▸ TASK MATERIAL:

==*==

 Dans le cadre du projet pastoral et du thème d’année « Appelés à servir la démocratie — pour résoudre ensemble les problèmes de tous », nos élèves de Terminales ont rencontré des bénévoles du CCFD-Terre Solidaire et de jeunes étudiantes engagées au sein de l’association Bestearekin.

==*==

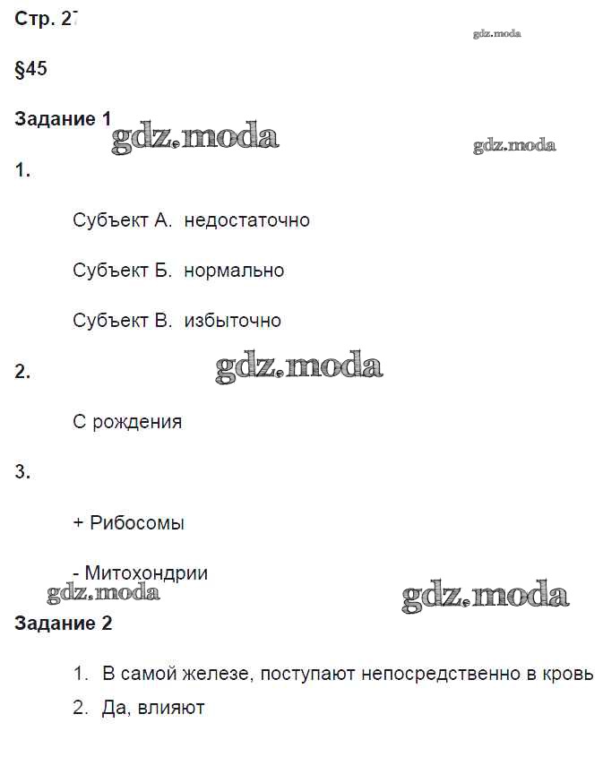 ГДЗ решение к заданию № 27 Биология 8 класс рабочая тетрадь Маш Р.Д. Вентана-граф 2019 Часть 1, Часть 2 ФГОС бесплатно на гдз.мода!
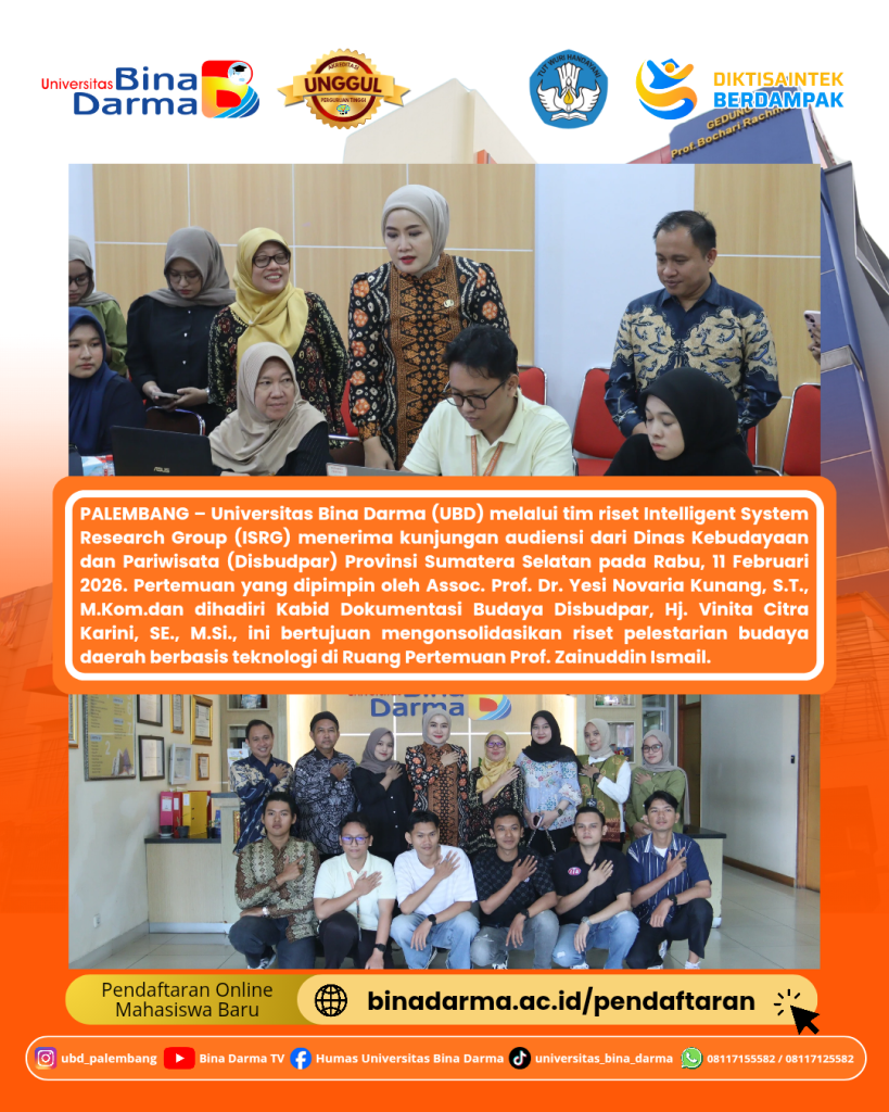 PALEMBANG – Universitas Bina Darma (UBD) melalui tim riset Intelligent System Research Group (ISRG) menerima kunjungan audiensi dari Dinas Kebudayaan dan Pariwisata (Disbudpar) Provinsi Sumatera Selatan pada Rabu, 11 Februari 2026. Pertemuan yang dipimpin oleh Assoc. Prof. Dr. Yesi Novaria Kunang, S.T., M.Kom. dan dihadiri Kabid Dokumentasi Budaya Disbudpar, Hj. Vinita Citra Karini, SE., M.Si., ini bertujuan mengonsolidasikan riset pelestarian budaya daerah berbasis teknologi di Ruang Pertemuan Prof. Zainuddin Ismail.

==*==

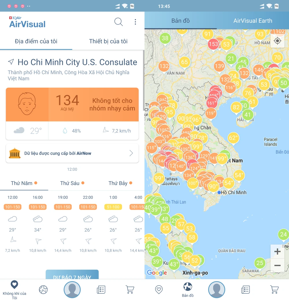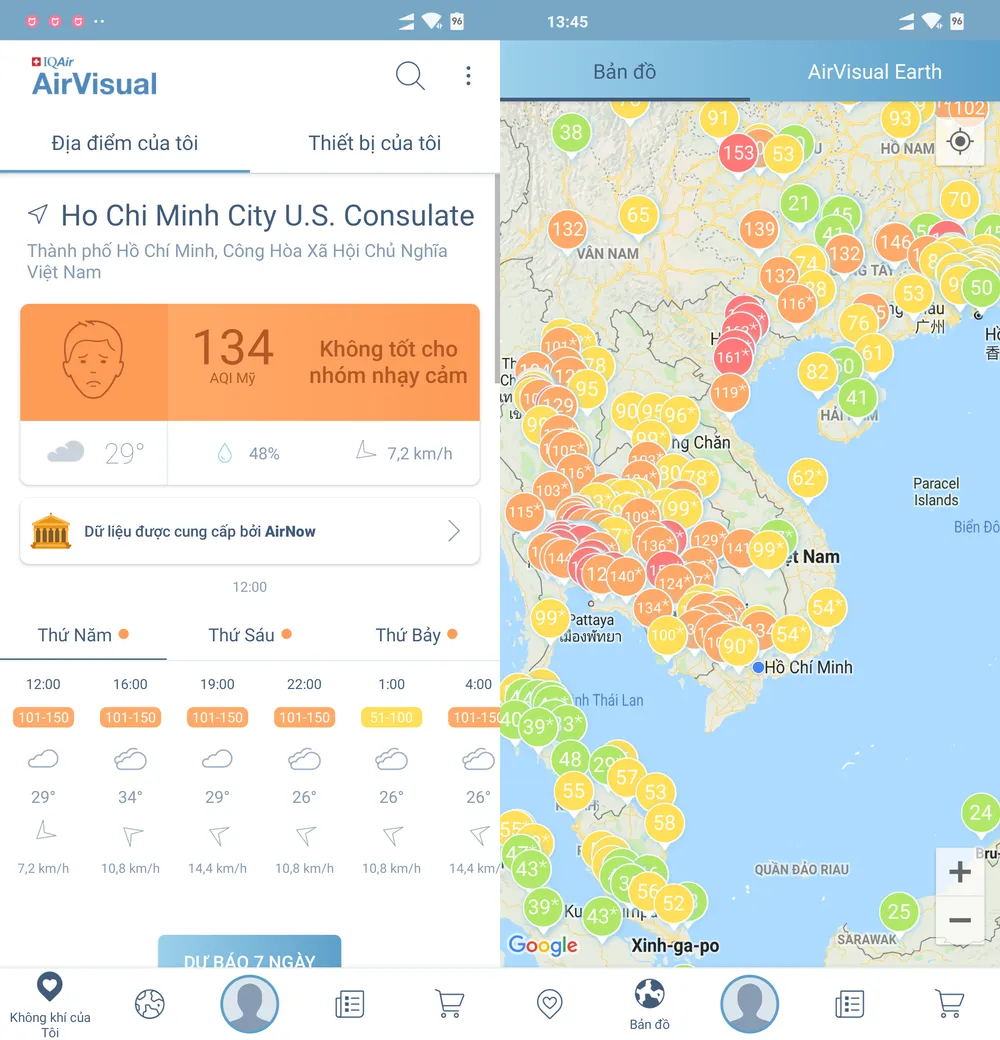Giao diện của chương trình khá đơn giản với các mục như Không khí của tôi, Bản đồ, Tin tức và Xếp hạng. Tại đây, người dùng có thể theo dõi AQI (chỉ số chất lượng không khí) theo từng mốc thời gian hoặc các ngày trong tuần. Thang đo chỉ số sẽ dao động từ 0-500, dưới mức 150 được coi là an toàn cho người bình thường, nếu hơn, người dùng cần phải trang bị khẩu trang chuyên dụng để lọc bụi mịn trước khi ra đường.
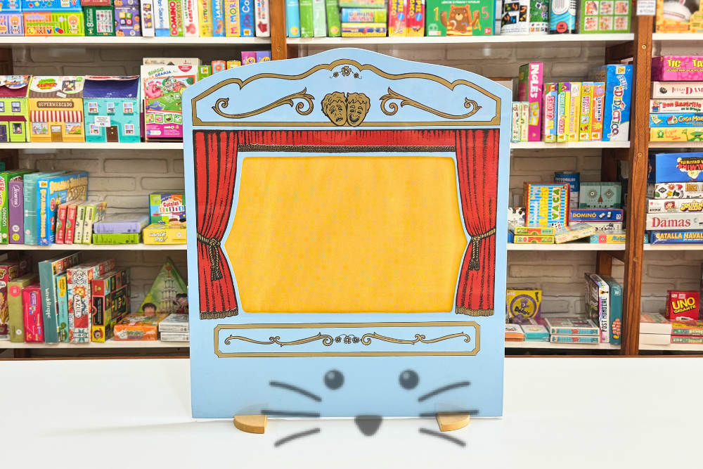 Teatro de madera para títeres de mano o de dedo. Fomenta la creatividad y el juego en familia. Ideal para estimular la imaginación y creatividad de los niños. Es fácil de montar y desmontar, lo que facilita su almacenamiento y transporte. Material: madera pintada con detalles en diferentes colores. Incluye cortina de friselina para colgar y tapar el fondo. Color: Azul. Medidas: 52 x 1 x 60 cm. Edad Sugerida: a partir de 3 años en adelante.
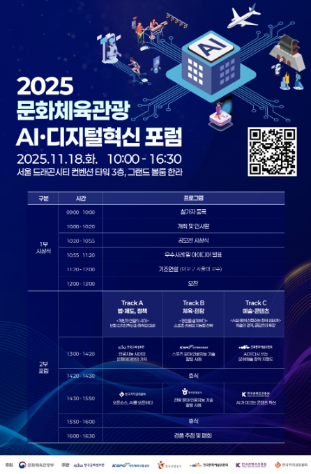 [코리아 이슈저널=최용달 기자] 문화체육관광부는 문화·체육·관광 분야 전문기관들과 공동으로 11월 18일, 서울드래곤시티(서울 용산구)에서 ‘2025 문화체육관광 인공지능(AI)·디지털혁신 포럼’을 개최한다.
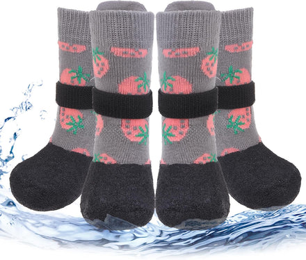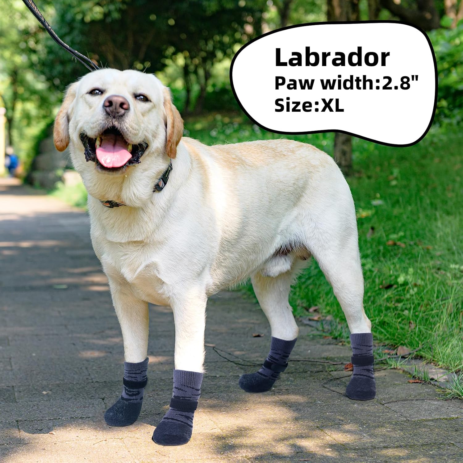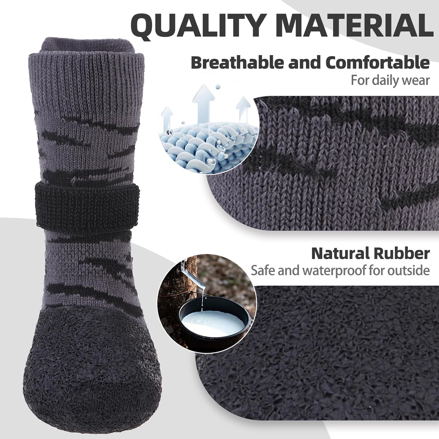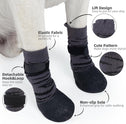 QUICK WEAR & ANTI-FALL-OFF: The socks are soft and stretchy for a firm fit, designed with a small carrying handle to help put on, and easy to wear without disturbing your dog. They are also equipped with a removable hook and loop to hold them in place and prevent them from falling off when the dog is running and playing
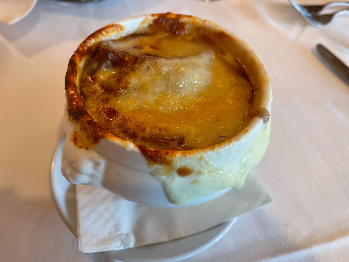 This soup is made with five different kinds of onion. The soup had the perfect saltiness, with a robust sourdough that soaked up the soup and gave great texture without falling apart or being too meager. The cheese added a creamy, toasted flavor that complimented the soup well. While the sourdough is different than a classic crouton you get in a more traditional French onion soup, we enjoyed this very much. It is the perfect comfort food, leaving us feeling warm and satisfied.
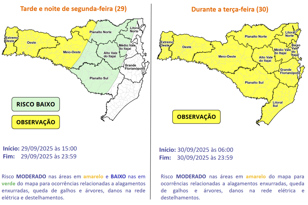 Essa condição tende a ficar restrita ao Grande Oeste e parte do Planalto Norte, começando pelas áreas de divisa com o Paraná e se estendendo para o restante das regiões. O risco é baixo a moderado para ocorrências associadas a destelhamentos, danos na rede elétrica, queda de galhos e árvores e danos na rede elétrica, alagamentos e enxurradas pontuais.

==*==

▸ REQUIRED ACTION: Your answer is the exact run of lines above from the one with "[코리아 이슈저널=최용달 기자]" through the one with "QUICK WEAR &", both ends included, minus any picture.

▸ RESULT BELOW:
 [코리아 이슈저널=최용달 기자] 문화체육관광부는 문화·체육·관광 분야 전문기관들과 공동으로 11월 18일, 서울드래곤시티(서울 용산구)에서 ‘2025 문화체육관광 인공지능(AI)·디지털혁신 포럼’을 개최한다.
 QUICK WEAR & ANTI-FALL-OFF: The socks are soft and stretchy for a firm fit, designed with a small carrying handle to help put on, and easy to wear without disturbing your dog. They are also equipped with a removable hook and loop to hold them in place and prevent them from falling off when the dog is running and playing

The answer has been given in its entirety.